▶ DESCRIPTION OF THE TASK: Below are entries; output exactly the lines from the one with "麻布大学の先生たちのおかげで" to the one with "- Chad is ranked", both included, and nothing else.

╭─ AVAILABLE DATA

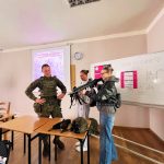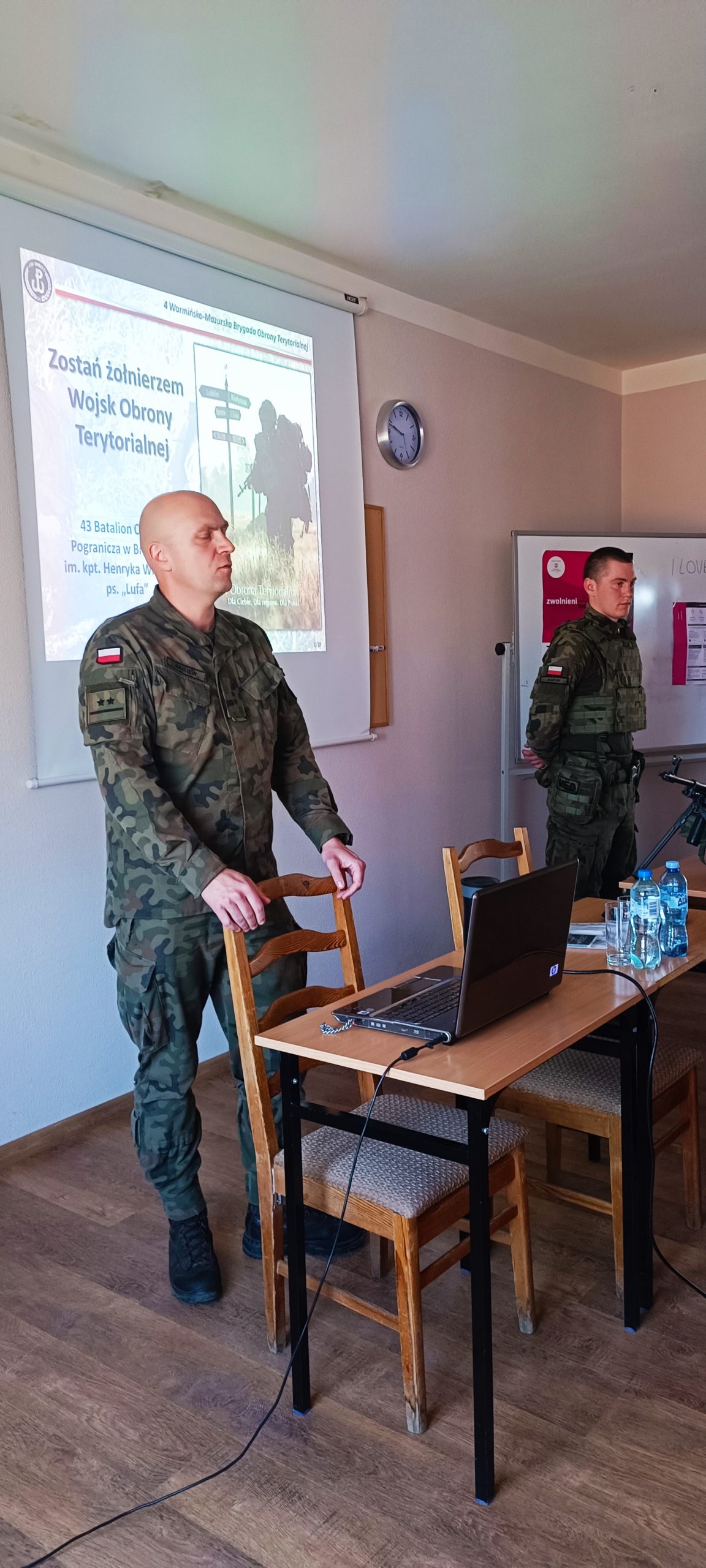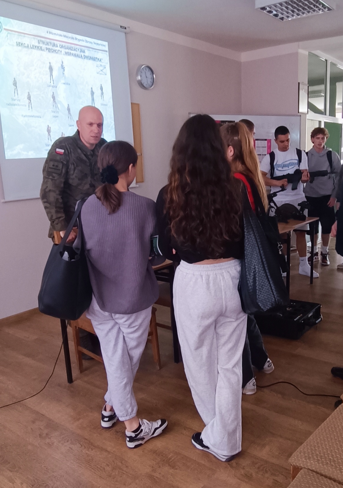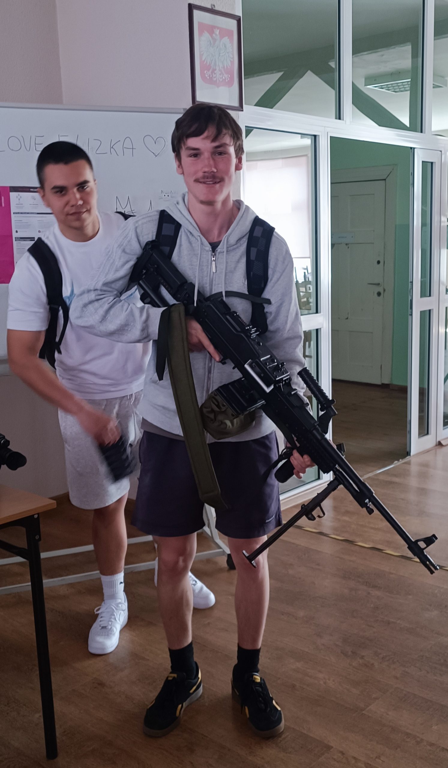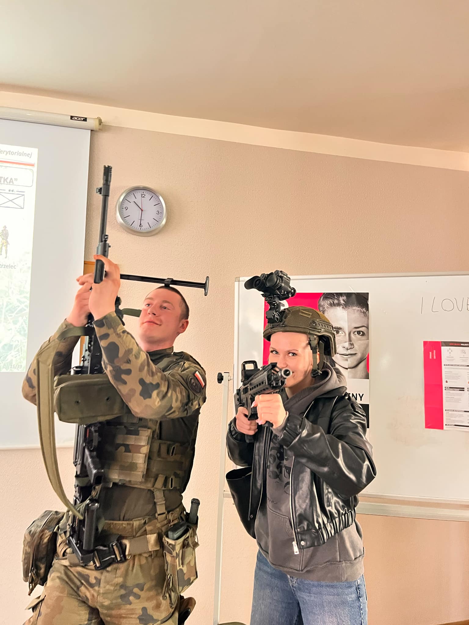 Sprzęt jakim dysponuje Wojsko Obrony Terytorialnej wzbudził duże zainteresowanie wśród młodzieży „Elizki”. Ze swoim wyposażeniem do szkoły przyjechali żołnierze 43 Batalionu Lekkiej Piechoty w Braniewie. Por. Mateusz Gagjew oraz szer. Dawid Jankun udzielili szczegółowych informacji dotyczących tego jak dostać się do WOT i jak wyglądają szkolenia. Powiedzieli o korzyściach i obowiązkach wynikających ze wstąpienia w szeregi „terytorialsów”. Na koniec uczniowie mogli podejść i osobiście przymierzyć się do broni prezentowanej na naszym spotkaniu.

╰─
╭─ AVAILABLE DATA

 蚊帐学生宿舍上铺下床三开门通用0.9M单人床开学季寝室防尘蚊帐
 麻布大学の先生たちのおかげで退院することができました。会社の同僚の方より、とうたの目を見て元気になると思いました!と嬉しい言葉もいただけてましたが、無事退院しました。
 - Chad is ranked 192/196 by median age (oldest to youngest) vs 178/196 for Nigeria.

╰─

▶ TASK RESULT:
 麻布大学の先生たちのおかげで退院することができました。会社の同僚の方より、とうたの目を見て元気になると思いました!と嬉しい言葉もいただけてましたが、無事退院しました。
 - Chad is ranked 192/196 by median age (oldest to youngest) vs 178/196 for Nigeria.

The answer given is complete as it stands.